FDA Approval Programs
The U.S. Food and Drug Administration is the agency that approves medicines for people to use in the United States. Companies must put new medicines through a series of studies before they can be made available to the public. The results of these studies are given to the FDA, which approves the medicine if they find the medicine works as the company said and it is safe for people to use.
Studies can take years to prove the effects of a medicine. For example, researchers may need to watch how well a new medicine for breast cancer works over 5 or 10 years before the findings are thought to be proven. The FDA’s review adds more time to the process, but the agency does have programs to help important medicines move through the process – and become available to people who need them – more quickly.
To qualify for one of these programs, a medicine has to do one of three things:
- provide help for a condition that has no or few other treatments
- get much better results than available medicines
- cause less serious side effects than current medicines
The FDA may work closely with the companies that make medicines that fit these requirements, or offer ways to get fast responses from the FDA to questions and applications so the medicines can be made available to the public sooner than they usually would.
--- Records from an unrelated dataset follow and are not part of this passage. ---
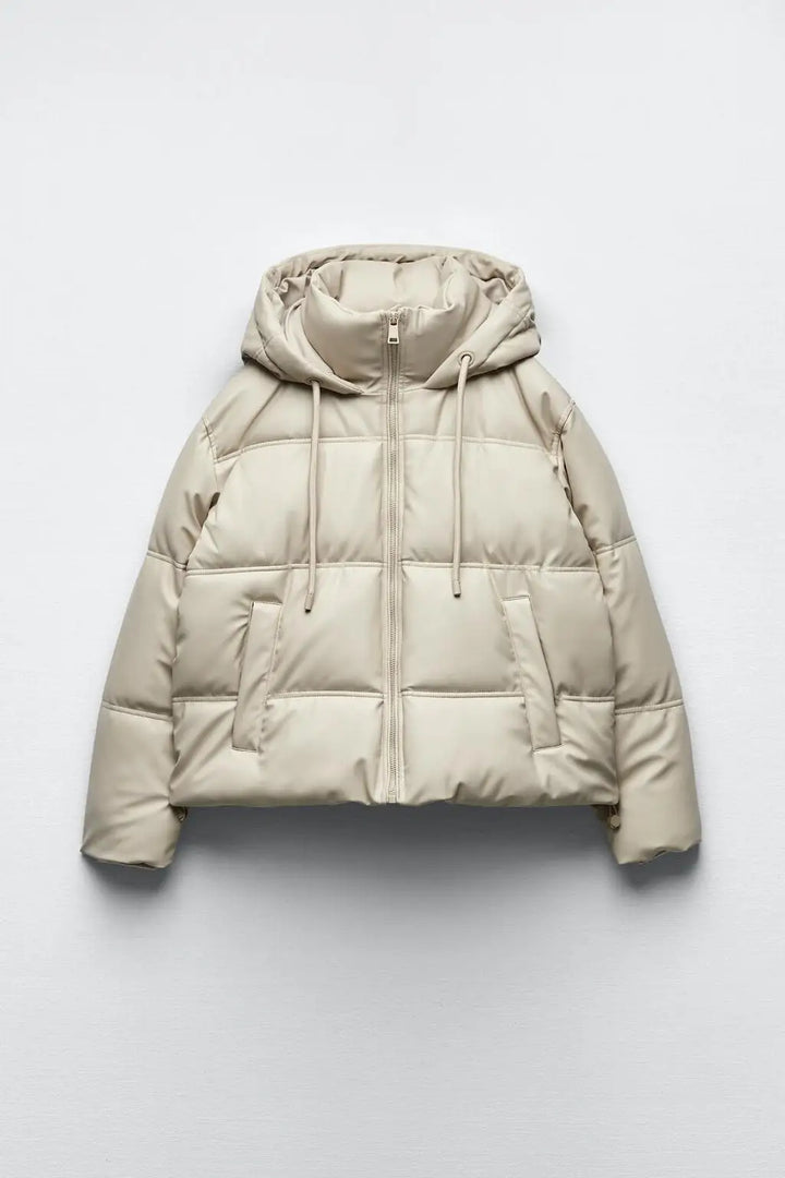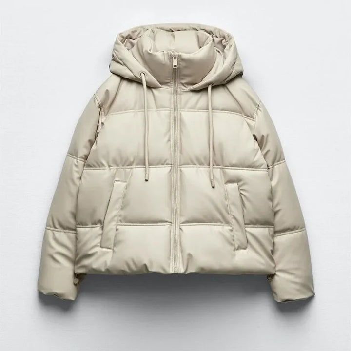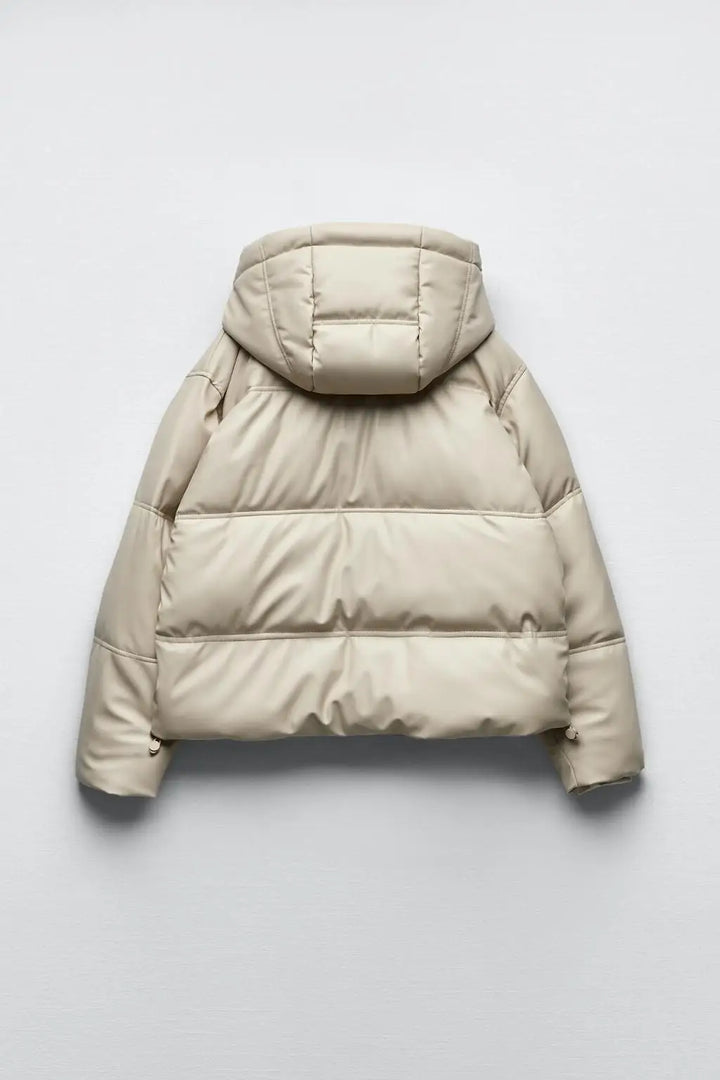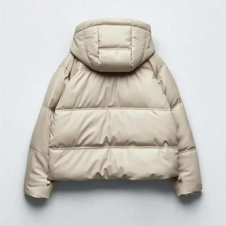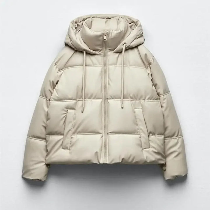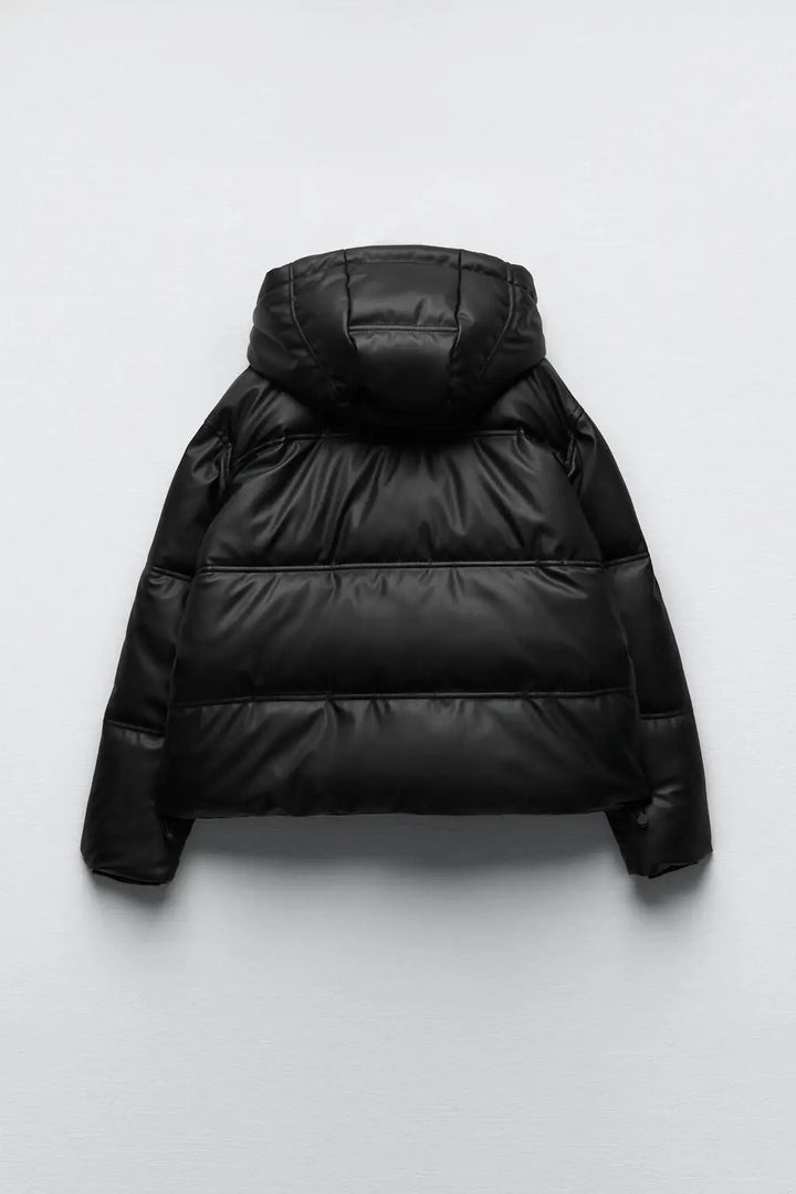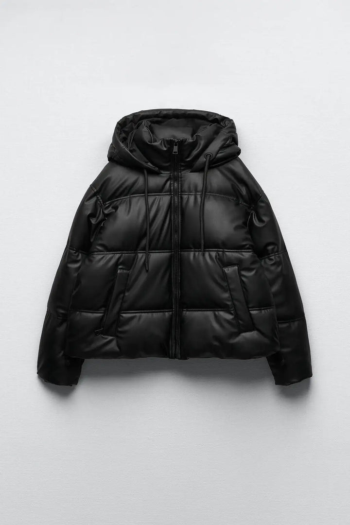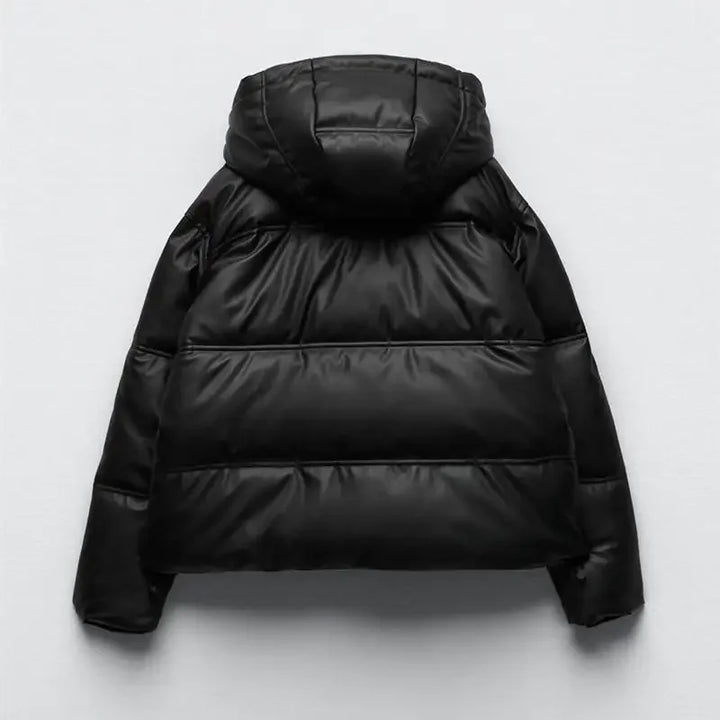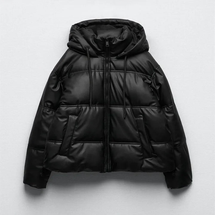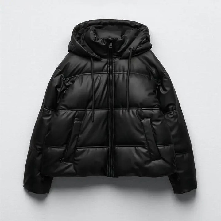 Winter Women Faux Leather Puffer Jacket 2024 Warm PU Snow Hooded Parka Female Casual Loose Coat Zipper Long Sleeve Overcoat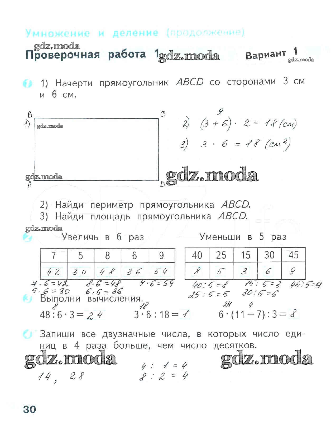 ОТВЕТ на задание № 30 Проверочные работы по Математике 3 класс Волкова Школа России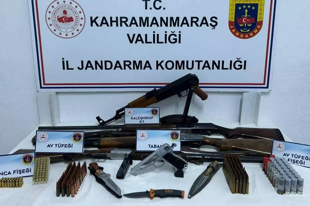Gözaltına alınan şüphelilerin ev ve araçlarında yapılan aramada, 1 kalaşnikof piyade tüfeği, 1 ruhsatsız tabanca, 3 av tüfeği, 155 mermi, 2 şarjör, 3 bıçak ve bir miktar uyuşturucu ele geçirildi.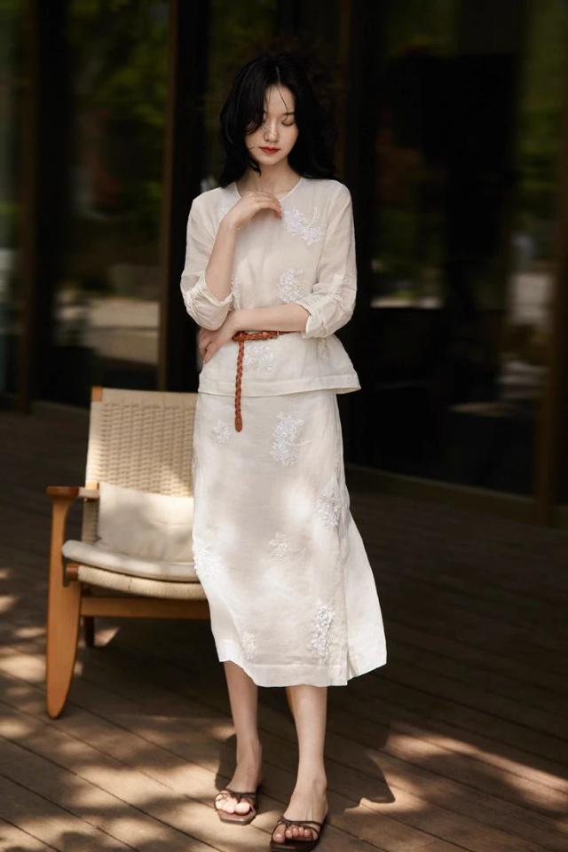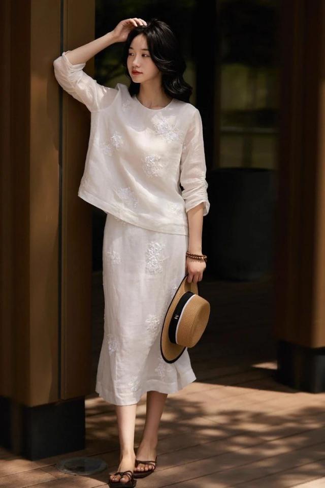 這款繁花亮片刺繡棉麻小白裙套裝,非常適合搭配簡約高跟鞋或小白鞋,再加上一個精致的小包,你就是街頭最靚的風景線。而且它能輕松應對不同場合,無論是約會、逛街還是參加正式活動,都毫無壓力。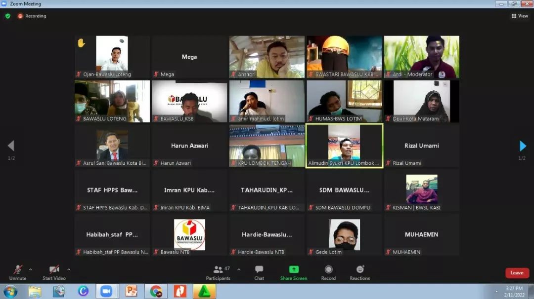 Dalam rangka untuk menyamakan pemahaman antar lembaga penyelenggara Pemilu, KPU NTB dan Bawaslu NTB lakukan diskusi dengan tema "Bedah Undang-Undang Pemilihan Umum", Jum'at (11/2). Diskusi ini diselenggarakan dua pekan sekali setiap hari Jum'at yang diikuti oleh KPU Kabupaten/Kota dan Bawaslu Kabupaten/Kota se-NTB.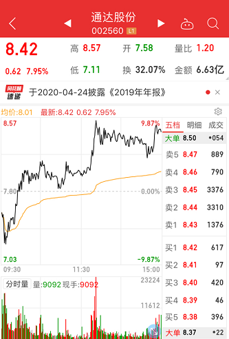 通达股份振幅最大,今日振幅达到18.72%,尾盘收涨7.95%。通达股份是特高压概念股,在3月13日至3月19日期间连续收获5个涨停板。经过几日调整后,今日特高压概念再次反弹,通光线缆、中国西电、英杰电气、日丰股份先后涨停。最先封住涨停板的是次新股英杰电气,该股在11点16分左右就被封上涨停板。日丰股份则是在尾盘阶段被拉升至涨停板。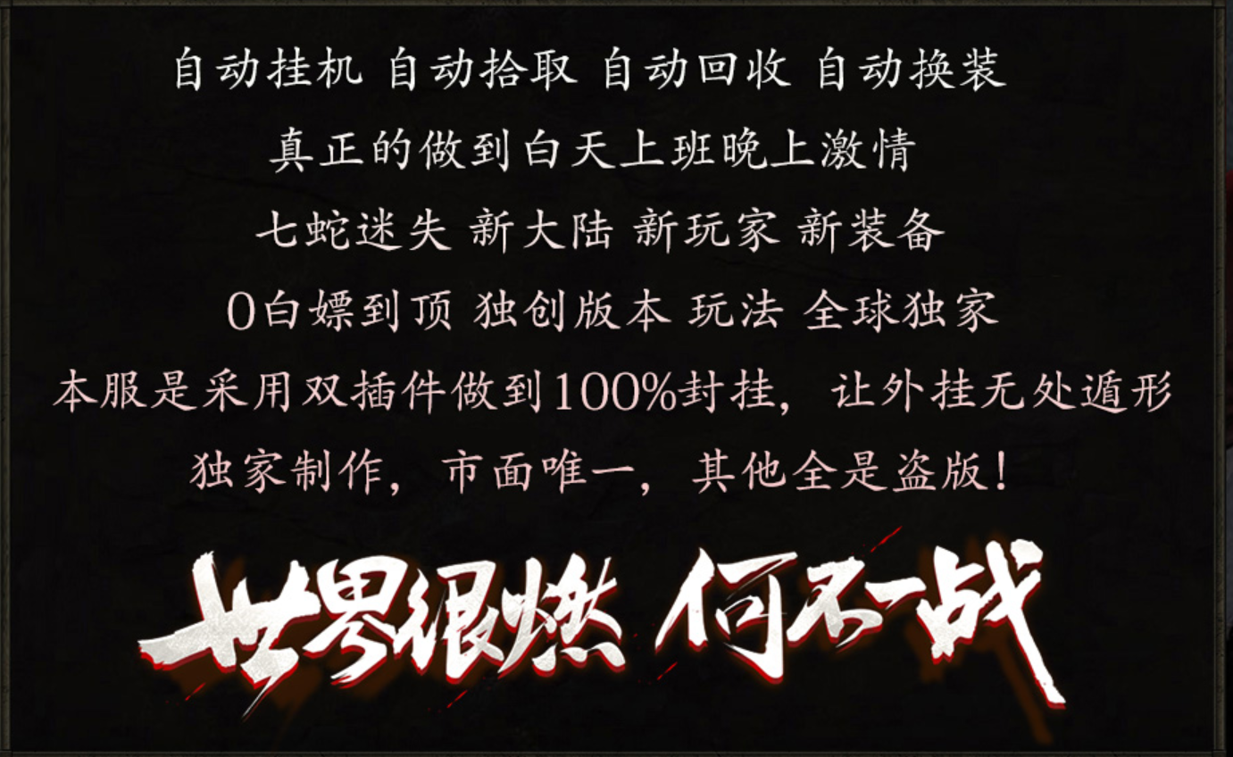 - 【版本说明】: 上线就送MAX刀速+双倍爆率提升.装备嗷嗷全爆.人人土豪装逼又激情!

The fast track process was designed for medicines that treat serious conditions for which there are no treatments or very few treatments available now. The company making the medicine must apply to the FDA to be put on the fast track. If approved, the researchers get
- more meetings with the FDA for advice on study plans and collecting the right information
- written advice from the FDA about what the agency would like to see in the design of clinical trials and other plans
- a rolling review process to get parts of the new drug application reviewed as the information is ready, rather than waiting for the whole application to be completed
- ability to get accelerated approval and priority review, if the medicine meets the other requirements for these programs
The fast track encourages researchers to speak with the FDA often as they study the medicine so the agency can answer any questions right away. The goal is to have the study go through approval more quickly by taking care of any issues before the final application is submitted.
The FDA uses the breakthrough therapy designation to help medicines that may do better than the available options for treating a serious disease or condition. Like the fast track, the breakthrough therapy designation is meant to give a smoother and faster way to approval than usual for medicines that could help people with serious diseases like cancer.
A medicine recognized as a breakthrough therapy will get all the benefits of the fast track program plus
- the chance to work closely with the FDA on a development program and
- the promise from senior management at the FDA to help the process along
The FDA can ask the company developing the medicine to apply for a breakthrough therapy designation if early results suggest it will meet their requirements and the designation will help it through the rest of the approval process.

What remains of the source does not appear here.